Docker container volumes are automatically constrained by ECS to be 10GB in size, which is not very helpful when we are working with 20GB RNAseq data. Instructions for increasing the limit are here, though I had difficulty getting the cloud-boothook command to work and found it easier to manually edit
/etc/sysconfig/docker and add
dm.basesize=50G (or however much storage you need for each container) to the
Detailed ECS Docker storage information is here.
ECS has some other parameters set in
/etc/ecs/ecs.config to be aware of (list here). The ones I found relevent were
ECS_ENGINE_TASK_CLEANUP_WAIT_DURATION which defaults to only cleaning up containers once every three hours,
ECS_IMAGE_CLEANUP_INTERVAL default 30 minutes,
ECS_IMAGE_MINIMUM_CLEANUP_AGE default one hour, and
ECS_NUM_IMAGES_DELETE_PER_CYCLE default 5.

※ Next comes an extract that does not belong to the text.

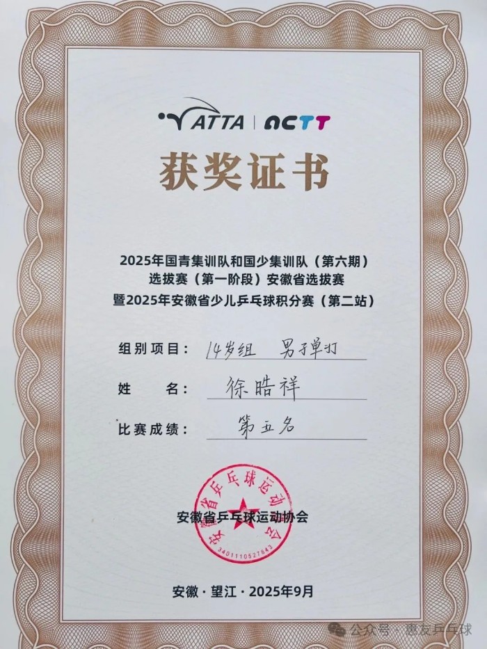 The selection competition of the 2025 National Youth and Youth Training Teams (Sixth phase) in Anhui Province has come to an end. Our team members, under the guidance of the coach, dared to fight and compete, lived up to everyone's expectations, and achieved good results. Congratulations to them!

Once you have configured your instance, don't forget to kill the ecs agent.
sudo stop ecs sudo rm -rf /var/lib/ecs/data/ecs_agent_data.json
The documents for creating a custom AMI for use with Batch are here.
This article was very relevant to the specific task I had to use Batch for. It's written in four parts, but I've linked to the specific part that involves Batch.
Once we've done all that, we can finally check the box "Enable user-specified AMI ID" within the AWS Batch web UI when creating our compute environment and pass it the ID of our custom AMI.
There is nothing special to do with VPC or security groups before clicking "Create".
After all that hard work, it's nice that we now get to do something easy. Job queues just need a name, priority (relative to other job queues), and a compute environment.